Useful Tools For Data Journalists

27 February 2014

Author: cristina

Useful Tools For Data Journalists


On February 13 2014, a group of around 20 individuals, most of whom were journalists, activists, students, and programmers, gathered in the central Tbilisi office of JumpStart Georgia for a screening of the documentary film Our Currency is Information, created by the Tactical Tech Collective; a US based non-governmental organization dedicated to the use of information in activism. The film was part of a three-part series called Exposing the Invisible that explores a variety of tools that investigative journalists, data analysts, and information activists can use to fight organized crime and corruption both in their communities and internationally.


Our Currency is Information features the work of Paul Radu, a Romanian investigative reporter with the Organized Crime and Corruption Reporting Project who specializes in investigating international organized crime networks.

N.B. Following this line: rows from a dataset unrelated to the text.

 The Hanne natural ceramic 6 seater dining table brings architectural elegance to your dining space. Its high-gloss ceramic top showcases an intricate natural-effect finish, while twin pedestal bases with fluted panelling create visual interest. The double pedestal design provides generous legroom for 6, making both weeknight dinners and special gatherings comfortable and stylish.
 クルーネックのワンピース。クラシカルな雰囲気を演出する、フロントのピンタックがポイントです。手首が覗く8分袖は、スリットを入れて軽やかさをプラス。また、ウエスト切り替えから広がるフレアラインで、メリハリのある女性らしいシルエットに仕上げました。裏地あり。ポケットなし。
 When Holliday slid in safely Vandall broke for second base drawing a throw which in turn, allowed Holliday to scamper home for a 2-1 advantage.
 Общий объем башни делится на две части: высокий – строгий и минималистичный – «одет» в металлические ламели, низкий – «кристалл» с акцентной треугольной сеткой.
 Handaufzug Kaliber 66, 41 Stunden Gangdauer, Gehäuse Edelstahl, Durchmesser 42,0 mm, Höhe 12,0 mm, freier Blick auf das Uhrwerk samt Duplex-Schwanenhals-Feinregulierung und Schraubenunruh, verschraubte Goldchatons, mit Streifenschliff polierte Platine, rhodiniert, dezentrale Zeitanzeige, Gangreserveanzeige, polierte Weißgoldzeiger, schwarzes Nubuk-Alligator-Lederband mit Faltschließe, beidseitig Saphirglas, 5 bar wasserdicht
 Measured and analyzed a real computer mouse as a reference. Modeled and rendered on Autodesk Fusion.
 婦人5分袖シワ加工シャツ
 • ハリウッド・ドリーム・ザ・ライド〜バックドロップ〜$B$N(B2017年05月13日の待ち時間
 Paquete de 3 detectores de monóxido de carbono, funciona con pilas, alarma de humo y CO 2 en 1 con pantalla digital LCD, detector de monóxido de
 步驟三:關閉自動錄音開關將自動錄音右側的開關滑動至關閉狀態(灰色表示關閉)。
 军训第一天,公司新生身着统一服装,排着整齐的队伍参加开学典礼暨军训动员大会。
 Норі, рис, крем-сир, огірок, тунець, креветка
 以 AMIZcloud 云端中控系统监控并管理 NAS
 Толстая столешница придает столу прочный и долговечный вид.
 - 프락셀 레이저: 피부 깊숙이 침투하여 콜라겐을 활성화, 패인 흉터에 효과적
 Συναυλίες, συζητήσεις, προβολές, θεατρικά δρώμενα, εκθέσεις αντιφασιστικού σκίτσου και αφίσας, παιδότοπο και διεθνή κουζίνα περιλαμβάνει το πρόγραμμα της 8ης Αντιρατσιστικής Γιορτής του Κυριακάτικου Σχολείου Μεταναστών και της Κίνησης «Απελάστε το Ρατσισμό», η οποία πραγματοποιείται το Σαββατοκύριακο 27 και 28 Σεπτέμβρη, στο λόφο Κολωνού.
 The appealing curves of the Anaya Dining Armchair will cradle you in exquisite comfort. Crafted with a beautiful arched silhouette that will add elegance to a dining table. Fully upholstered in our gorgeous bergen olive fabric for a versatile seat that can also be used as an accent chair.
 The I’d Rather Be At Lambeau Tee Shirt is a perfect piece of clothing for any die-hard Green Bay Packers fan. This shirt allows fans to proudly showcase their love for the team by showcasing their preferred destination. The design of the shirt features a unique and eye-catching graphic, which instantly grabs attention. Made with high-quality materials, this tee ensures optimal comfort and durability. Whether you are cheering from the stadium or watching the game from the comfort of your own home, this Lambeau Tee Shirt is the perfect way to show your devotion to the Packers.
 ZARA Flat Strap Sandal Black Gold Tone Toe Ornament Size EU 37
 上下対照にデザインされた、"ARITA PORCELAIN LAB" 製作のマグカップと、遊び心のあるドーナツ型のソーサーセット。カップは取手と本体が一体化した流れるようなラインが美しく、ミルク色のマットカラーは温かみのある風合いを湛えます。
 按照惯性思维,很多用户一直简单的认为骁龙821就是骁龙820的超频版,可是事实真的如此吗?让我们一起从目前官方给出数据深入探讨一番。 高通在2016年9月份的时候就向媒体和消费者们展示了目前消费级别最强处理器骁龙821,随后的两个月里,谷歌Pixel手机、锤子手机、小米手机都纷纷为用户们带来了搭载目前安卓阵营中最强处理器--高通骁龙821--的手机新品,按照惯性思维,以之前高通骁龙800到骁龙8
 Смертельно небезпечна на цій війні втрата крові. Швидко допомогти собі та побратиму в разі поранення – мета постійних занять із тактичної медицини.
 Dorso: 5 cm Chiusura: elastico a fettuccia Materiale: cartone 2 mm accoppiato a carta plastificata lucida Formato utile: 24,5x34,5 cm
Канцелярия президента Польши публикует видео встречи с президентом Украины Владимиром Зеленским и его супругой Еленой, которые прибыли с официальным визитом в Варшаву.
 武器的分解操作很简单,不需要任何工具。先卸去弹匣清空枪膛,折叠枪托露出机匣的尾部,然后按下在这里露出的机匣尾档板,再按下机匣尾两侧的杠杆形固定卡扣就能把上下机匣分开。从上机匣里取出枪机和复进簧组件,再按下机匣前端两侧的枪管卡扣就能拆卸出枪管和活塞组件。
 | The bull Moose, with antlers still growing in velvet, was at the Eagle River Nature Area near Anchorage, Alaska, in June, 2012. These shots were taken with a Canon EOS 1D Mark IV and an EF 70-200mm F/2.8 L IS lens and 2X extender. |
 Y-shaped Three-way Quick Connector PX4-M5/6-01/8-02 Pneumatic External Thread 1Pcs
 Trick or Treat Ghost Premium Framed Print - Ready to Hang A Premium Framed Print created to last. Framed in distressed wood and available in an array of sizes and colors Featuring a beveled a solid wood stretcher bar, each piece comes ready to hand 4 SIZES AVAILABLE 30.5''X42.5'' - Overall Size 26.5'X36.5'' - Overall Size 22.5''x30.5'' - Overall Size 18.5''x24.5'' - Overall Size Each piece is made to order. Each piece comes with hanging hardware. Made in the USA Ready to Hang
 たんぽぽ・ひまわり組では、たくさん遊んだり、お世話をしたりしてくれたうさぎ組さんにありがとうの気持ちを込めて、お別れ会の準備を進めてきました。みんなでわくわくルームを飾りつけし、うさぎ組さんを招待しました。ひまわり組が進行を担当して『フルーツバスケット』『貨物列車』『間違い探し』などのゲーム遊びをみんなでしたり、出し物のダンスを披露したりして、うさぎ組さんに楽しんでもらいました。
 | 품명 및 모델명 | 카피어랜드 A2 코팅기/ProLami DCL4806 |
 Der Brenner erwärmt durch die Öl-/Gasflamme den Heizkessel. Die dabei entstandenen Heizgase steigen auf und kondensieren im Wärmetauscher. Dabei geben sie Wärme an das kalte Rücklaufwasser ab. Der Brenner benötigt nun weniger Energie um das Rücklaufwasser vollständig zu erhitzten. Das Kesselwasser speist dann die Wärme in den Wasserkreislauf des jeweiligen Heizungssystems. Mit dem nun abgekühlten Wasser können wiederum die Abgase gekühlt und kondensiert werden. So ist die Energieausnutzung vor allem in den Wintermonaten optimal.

In order to simplify the very complex process necessary to track the flow of money across borders, Radu and his team created the Visual Investigative Scenarios. Similar to JumpStart, Radu understood the necessity of communicating complex information visually in order to make it more easily understandable. By mapping criminal networks, the VIS allowed Radu and his team to understand and analyze the large quantities of data available. The tool maps elicit deals, offshore companies held by politicians, and other data that provides evidence to support the journalists’ stories. But the tool was not only created to assist journalists. It also helps to raise awareness among the general population about the illicit deals that take place across borders that could have an effect on communities locally. The journalists hope that if more people are aware of how these illegal activities affects them, they will put pressure on local officials to crack down on them.  


After the film, the group gathered in JumpStart’s office participated in a lively round table discussion to share their impressions about the documentary and the way a tool like the VIS could be used in Georgia. While the spectators raised a variety of important questions, there was a general consensus within the group that tools that visualize large quantities of data are both useful and necessary for anyone interested in conducting serious investigative reporting. A lot of the data made available to journalists is not organized for analysis, visualization, or uncovering stories, so journalists have to learn to use a variety of tools to gather information and make it consumable. JumpStart’s data journalist Nino Macharashvili, for example, uses a variety of technologies to analyze the large data sets which are the foundation of the information visuals that JumpStart publishes each month.


With this in mind, here are just a few examples of the lesser known resources that data journalists and information activists can use to gather, analyze and visualize data.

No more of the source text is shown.